Leonard Curtis
- Company type: Limited
- Industry: Insolvency and Restructuring, Funding, Legal, Business Services
- Headquarters: Manchester, UK
- Products: Insolvency, corporate recovery, restructuring
- Revenue: £14 million (2011)
- Operating income: £4.6 million (2011)
- Owner: Pollen Street Capital
- Number of employees: 330

= Leonard Curtis =

UK-based professional service provider

Leonard Curtis is one of the largest independent firms in the UK specialising in corporate recovery, insolvency and business restructuring. It is a national practice with 330 employees operating nationally from 30 UK and offshore locations.

==History==
The firm was founded by Leonard Curtis, who retired in 1983.

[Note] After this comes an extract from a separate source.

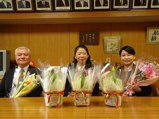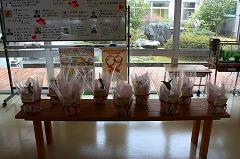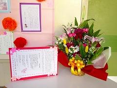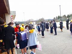 ↑ 笠野公民館さんからは、チューリップの鉢が贈られました。チューリップの咲くころは、中学校に入学している頃でしょう。チューリップの花を見ながら、地域の方の応援に感謝し、新しい生活をスタートさせてください。

In 1997 the firm considered and rejected a merger with Levy Gee, a general accountancy firm that went on to form Numerica. Leonard Curtis partners stated that they preferred to remain a specialist firm.

In 1998, two offices in Manchester and Liverpool with 30 staff left the firm for BDO Stoy Hayward.

Later in 1998, Leonard Curtis formed a joint venture, Fisher Curtis, with the insolvency arm of H. W. Fisher. The arrangement lasted only two years before the firms separated again.

In 2023, it became a member firm of Nexia International, a worldwide network of accounting and consulting firms.

In August 2025, it was announced that Pollen Street Capital had acquired a majority stake in Leonard Curtis, which until then was controlled by Arete Capital Partners and Svella Plc.

==Awards==
Leonard Curtis won the mid-sized firm prize as Corporate Recovery Firm of the Year at the inaugural Insolvency and Rescue Awards 2008, run by Credit Today magazine.

The firm was awarded Business Recovery Specialist of the Year at the 2010 Business Moneyfacts Awards. The judging panel said: "By providing companies with positive strategic advice, Leonard Curtis has enabled many of them to retain control of their business. The Corporate Strategies team continues to focus on the critical issues, providing clear recommendations together with restructuring and refinancing services to both growing and underperforming businesses."

==Controversy==
"The Liquidation Game", a 1996 edition of Channel 4's investigative documentary Dispatches, made allegations of sharp practice in the insolvency profession. Keith Goodman, then a partner in Leonard Curtis (later both Senior Partner of the firm and President of the IPA), claimed that a case of his was presented in a biased way, and sought an apology. However, the Broadcasting Complaints Commission rejected his complaint, saying that his case was sufficiently well set apart from other more serious allegations in the programme.